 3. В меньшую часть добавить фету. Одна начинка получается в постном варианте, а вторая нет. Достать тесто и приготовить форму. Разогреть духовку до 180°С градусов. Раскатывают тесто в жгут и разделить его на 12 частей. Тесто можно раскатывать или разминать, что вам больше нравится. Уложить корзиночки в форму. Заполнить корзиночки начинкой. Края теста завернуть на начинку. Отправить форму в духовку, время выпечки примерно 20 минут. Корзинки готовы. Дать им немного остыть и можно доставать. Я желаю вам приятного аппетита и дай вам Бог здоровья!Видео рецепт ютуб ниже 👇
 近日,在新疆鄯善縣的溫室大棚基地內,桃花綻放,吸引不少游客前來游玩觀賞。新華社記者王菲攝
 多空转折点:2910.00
...
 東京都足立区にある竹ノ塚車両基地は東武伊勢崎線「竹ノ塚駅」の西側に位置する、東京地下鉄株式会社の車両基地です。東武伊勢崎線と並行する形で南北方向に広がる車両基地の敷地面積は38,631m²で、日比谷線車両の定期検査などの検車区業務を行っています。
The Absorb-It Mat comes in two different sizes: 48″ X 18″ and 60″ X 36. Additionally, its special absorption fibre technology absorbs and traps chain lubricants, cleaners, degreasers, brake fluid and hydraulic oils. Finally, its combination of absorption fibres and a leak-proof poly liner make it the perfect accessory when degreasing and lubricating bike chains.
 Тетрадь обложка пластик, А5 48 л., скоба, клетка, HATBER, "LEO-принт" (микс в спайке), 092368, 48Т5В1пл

EXERCISE GOAL — Beginning at the line with "The Absorb-It Mat" and ending at the line with "Тетрадь обложка пластик, А5", reproduce each line of the data above exactly, and add no other lines.

YOUR RESPONSE —
The Absorb-It Mat comes in two different sizes: 48″ X 18″ and 60″ X 36. Additionally, its special absorption fibre technology absorbs and traps chain lubricants, cleaners, degreasers, brake fluid and hydraulic oils. Finally, its combination of absorption fibres and a leak-proof poly liner make it the perfect accessory when degreasing and lubricating bike chains.
 Тетрадь обложка пластик, А5 48 л., скоба, клетка, HATBER, "LEO-принт" (микс в спайке), 092368, 48Т5В1пл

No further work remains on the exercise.